### Supplied data
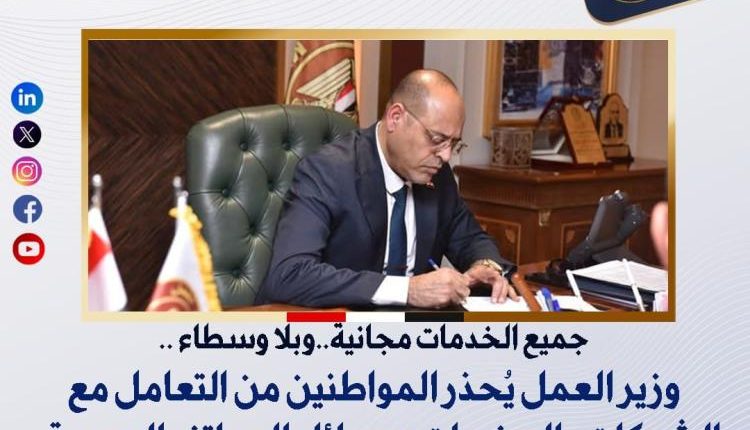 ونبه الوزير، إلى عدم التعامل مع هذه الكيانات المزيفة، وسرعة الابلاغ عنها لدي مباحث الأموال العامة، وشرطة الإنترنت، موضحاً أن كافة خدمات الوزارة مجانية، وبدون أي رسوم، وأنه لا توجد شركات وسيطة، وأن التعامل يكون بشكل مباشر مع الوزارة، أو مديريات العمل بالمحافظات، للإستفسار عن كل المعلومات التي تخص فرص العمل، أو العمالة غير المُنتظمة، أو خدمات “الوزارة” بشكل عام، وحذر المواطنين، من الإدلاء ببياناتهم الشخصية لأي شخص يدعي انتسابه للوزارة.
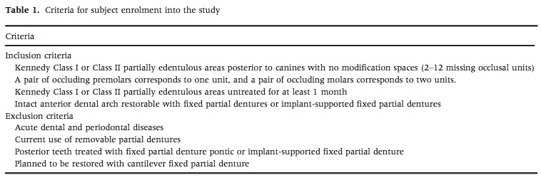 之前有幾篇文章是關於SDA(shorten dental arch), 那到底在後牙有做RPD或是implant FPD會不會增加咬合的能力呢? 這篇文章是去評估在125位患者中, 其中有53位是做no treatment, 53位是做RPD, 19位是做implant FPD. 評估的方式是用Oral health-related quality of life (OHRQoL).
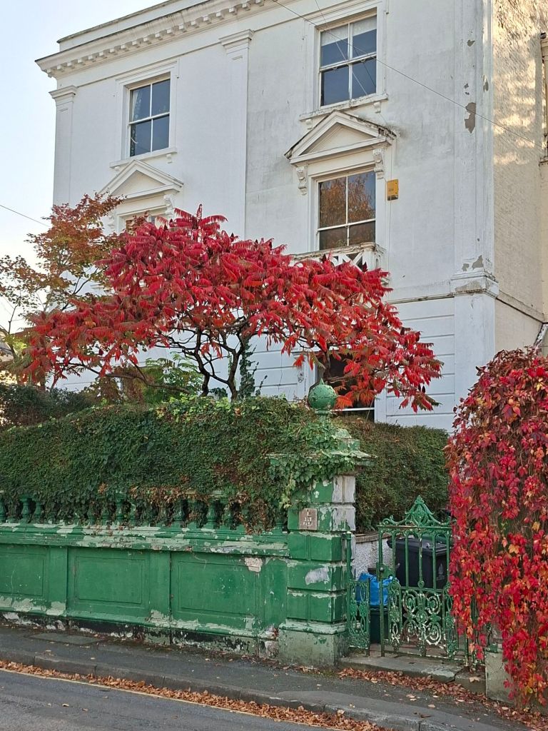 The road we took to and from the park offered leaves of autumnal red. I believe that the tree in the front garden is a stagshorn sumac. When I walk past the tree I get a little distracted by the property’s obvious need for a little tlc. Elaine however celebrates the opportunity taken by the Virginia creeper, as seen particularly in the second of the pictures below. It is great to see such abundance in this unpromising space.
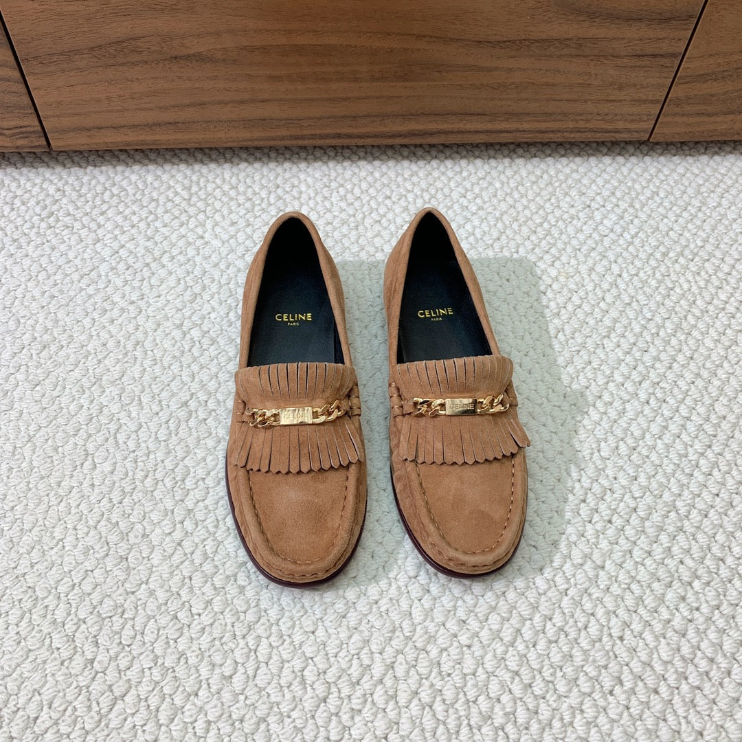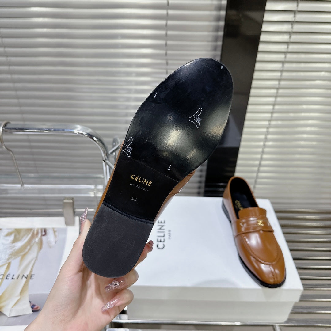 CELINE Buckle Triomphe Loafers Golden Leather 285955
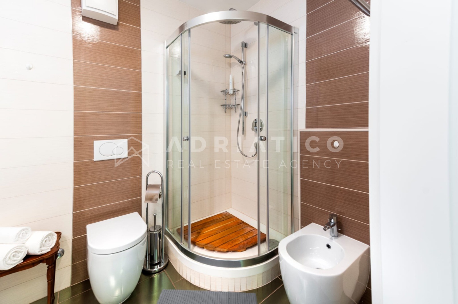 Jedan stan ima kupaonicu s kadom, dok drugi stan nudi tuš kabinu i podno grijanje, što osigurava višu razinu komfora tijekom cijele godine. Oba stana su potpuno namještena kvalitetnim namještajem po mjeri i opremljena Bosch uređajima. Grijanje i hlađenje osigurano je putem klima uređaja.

--

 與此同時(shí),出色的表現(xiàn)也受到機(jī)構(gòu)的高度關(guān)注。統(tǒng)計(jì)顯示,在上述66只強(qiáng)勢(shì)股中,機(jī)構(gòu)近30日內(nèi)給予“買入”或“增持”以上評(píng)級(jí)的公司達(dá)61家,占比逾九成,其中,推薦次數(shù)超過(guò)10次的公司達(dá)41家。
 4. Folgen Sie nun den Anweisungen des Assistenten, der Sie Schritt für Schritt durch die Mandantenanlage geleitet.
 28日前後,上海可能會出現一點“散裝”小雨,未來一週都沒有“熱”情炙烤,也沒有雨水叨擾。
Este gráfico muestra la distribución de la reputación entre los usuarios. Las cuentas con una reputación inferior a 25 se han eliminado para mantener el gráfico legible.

### Your task
Reproduce word for word, with pictures dropped, only the part of the material above that opens with the line containing "之前有幾篇文章是關於SDA(shorten dental arch), 那到底在後牙有做RPD或是implant" and closes with the line containing "Jedan stan ima".

### Answer for the task
 之前有幾篇文章是關於SDA(shorten dental arch), 那到底在後牙有做RPD或是implant FPD會不會增加咬合的能力呢? 這篇文章是去評估在125位患者中, 其中有53位是做no treatment, 53位是做RPD, 19位是做implant FPD. 評估的方式是用Oral health-related quality of life (OHRQoL).
 The road we took to and from the park offered leaves of autumnal red. I believe that the tree in the front garden is a stagshorn sumac. When I walk past the tree I get a little distracted by the property’s obvious need for a little tlc. Elaine however celebrates the opportunity taken by the Virginia creeper, as seen particularly in the second of the pictures below. It is great to see such abundance in this unpromising space.
 CELINE Buckle Triomphe Loafers Golden Leather 285955
 Jedan stan ima kupaonicu s kadom, dok drugi stan nudi tuš kabinu i podno grijanje, što osigurava višu razinu komfora tijekom cijele godine. Oba stana su potpuno namještena kvalitetnim namještajem po mjeri i opremljena Bosch uređajima. Grijanje i hlađenje osigurano je putem klima uređaja.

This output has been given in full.